AIM OF THE EXERCISE: All entries need to be written out verbatim, with pictures omitted.

INPUT:
* * * * * * *

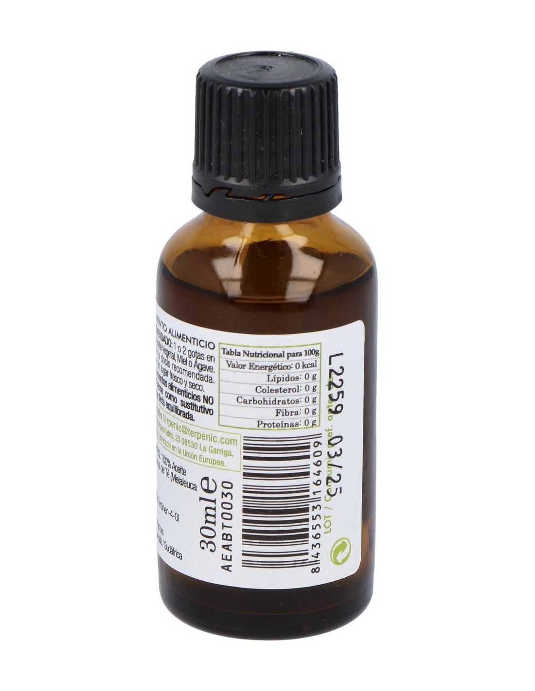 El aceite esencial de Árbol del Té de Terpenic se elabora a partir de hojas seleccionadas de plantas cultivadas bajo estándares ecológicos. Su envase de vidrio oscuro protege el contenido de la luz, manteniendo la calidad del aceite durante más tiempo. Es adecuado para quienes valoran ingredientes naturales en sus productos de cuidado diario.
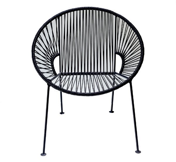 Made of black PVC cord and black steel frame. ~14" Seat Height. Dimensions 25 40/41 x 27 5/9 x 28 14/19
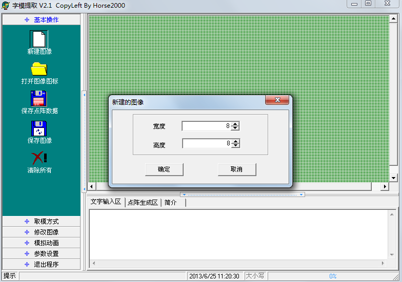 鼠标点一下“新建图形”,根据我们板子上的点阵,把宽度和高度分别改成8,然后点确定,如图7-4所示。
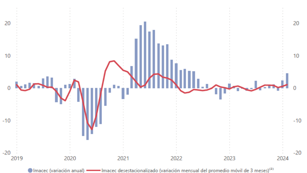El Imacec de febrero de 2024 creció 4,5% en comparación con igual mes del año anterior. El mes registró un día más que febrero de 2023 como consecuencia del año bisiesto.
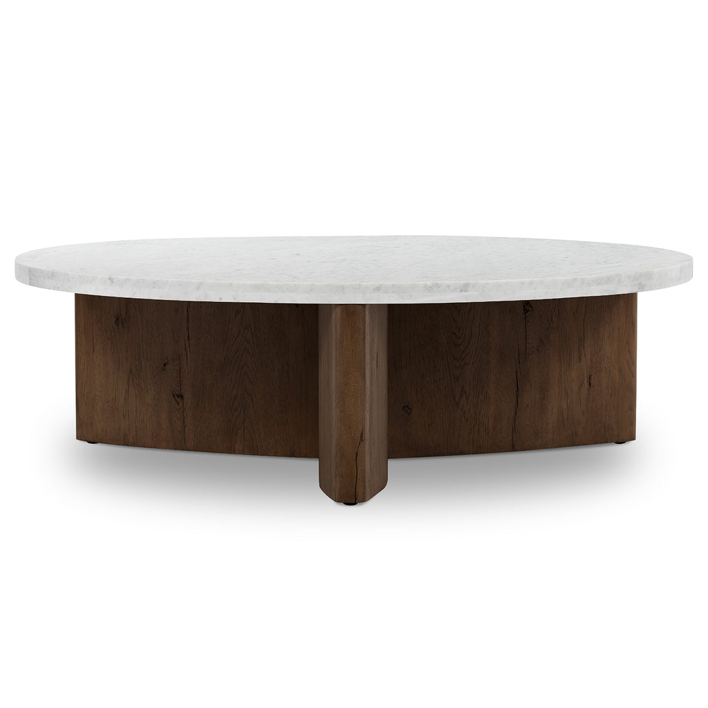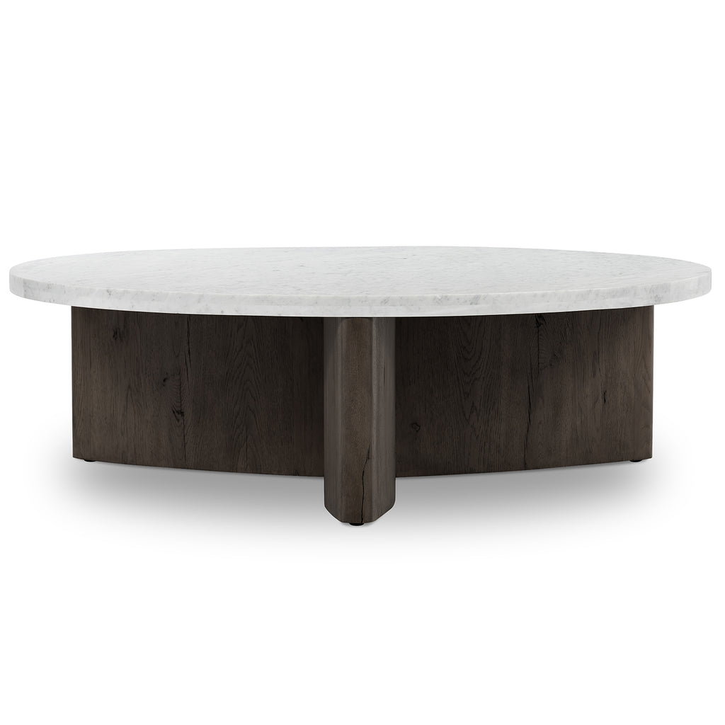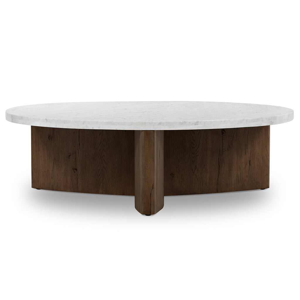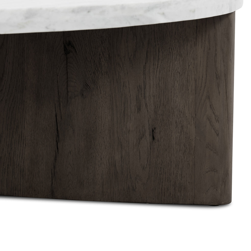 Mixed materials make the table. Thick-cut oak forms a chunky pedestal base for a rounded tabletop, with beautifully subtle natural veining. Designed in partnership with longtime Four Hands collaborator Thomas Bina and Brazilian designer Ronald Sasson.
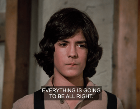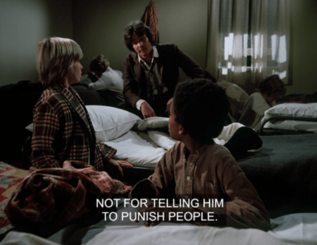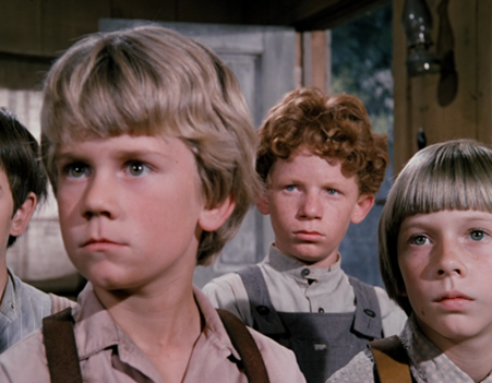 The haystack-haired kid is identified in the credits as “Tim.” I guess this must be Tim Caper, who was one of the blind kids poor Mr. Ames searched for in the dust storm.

* * * * * * *

ANSWER AREA:
 El aceite esencial de Árbol del Té de Terpenic se elabora a partir de hojas seleccionadas de plantas cultivadas bajo estándares ecológicos. Su envase de vidrio oscuro protege el contenido de la luz, manteniendo la calidad del aceite durante más tiempo. Es adecuado para quienes valoran ingredientes naturales en sus productos de cuidado diario.
 Made of black PVC cord and black steel frame. ~14" Seat Height. Dimensions 25 40/41 x 27 5/9 x 28 14/19
 鼠标点一下“新建图形”,根据我们板子上的点阵,把宽度和高度分别改成8,然后点确定,如图7-4所示。
El Imacec de febrero de 2024 creció 4,5% en comparación con igual mes del año anterior. El mes registró un día más que febrero de 2023 como consecuencia del año bisiesto.
 Mixed materials make the table. Thick-cut oak forms a chunky pedestal base for a rounded tabletop, with beautifully subtle natural veining. Designed in partnership with longtime Four Hands collaborator Thomas Bina and Brazilian designer Ronald Sasson.
 The haystack-haired kid is identified in the credits as “Tim.” I guess this must be Tim Caper, who was one of the blind kids poor Mr. Ames searched for in the dust storm.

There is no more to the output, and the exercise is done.